Em sua estreia na tevê, a atriz vive Juliana, temperamental filha de Hércules Galvão, interpretado por Bruno Garcia. No início da trama, seu maior conflito com o pai era o fato de culpá-lo por ter sido abandonada pela mãe, Sueli, de Bianca Byington. Problemas familiares à parte, a moça também passa por dilemas amorosos. Namorou Paulinho, de Kayky Brito, no início da trama. Embora ainda “arraste as asas” para o ex, agora a surfista está com Jerry, personagem de Omar Docena.

Juliana, que adora praia e está perfeitamente ambientada à vida no Rio de Janeiro, fez suas primeiras aulas de surfe antes do início da trama. Afinal, não é em toda cena que se apela para os dublês. Além de tratar a pele e o cabelo como nunca por causa do sol, cuidar da alimentação e praticar ioga, é a dança que a atriz salienta como sua outra paixão.
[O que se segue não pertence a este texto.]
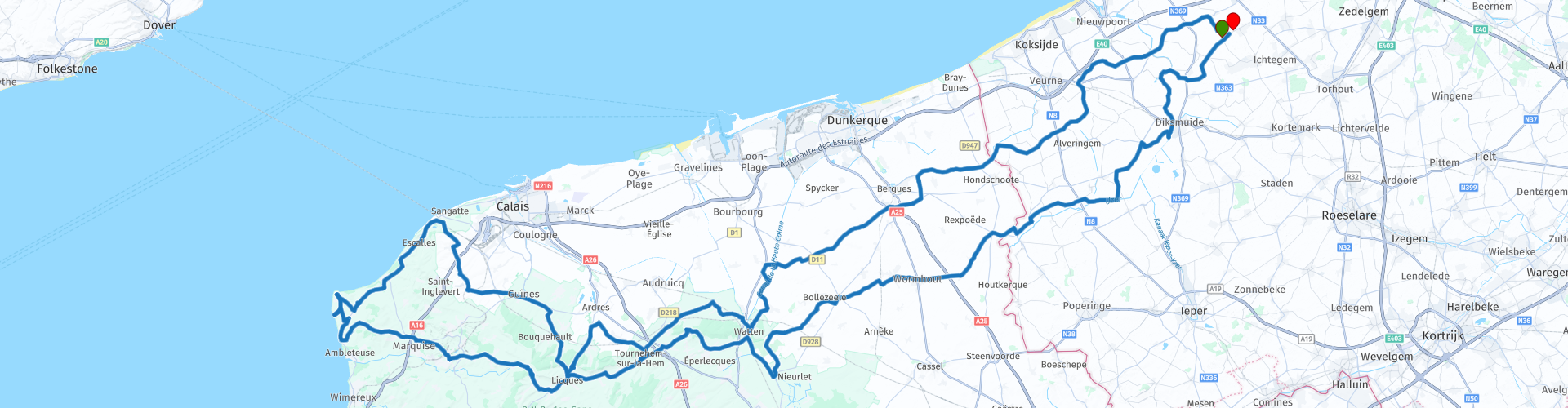 Dit is de lange route van 2016, 302 km tot aan de Franse kustlijn en terug. Een weekendje kan natuurlijk steeds, genoeg overnachtingsmogelijkheden in de Franse kustdorpen. De route kreeg 4 sterren, mede door de mooie uitzichten op de 2 caps.

Embora tenha diminuído o ritmo por conta das gravações, ela pratica dança contemporânea desde pequena. Tanto que já planeja fazer uma peça com tal linguagem.

Contratada pela Globo até o fim da trama, a atriz de 23 anos confessa que ainda não se adaptou totalmente às diferenças entre teatro e tevê. A falta de intimidade com os estúdios é  compreensível. Antes da novela, Juliana participou de montagens teatrais como Puts e Dança dos Signos, além do curta-metragem Formigamento, de Fábio Telles. Desde a construção da personagem, passando pela movimentação, voz e posicionamento de câmara, tudo para ela é como um “admirável mundo novo”.

– Sou bem crítica, assisto a tudo o que faço. Às vezes dou umas vaciladas, mas depois conserto. Estou pegando as manhas.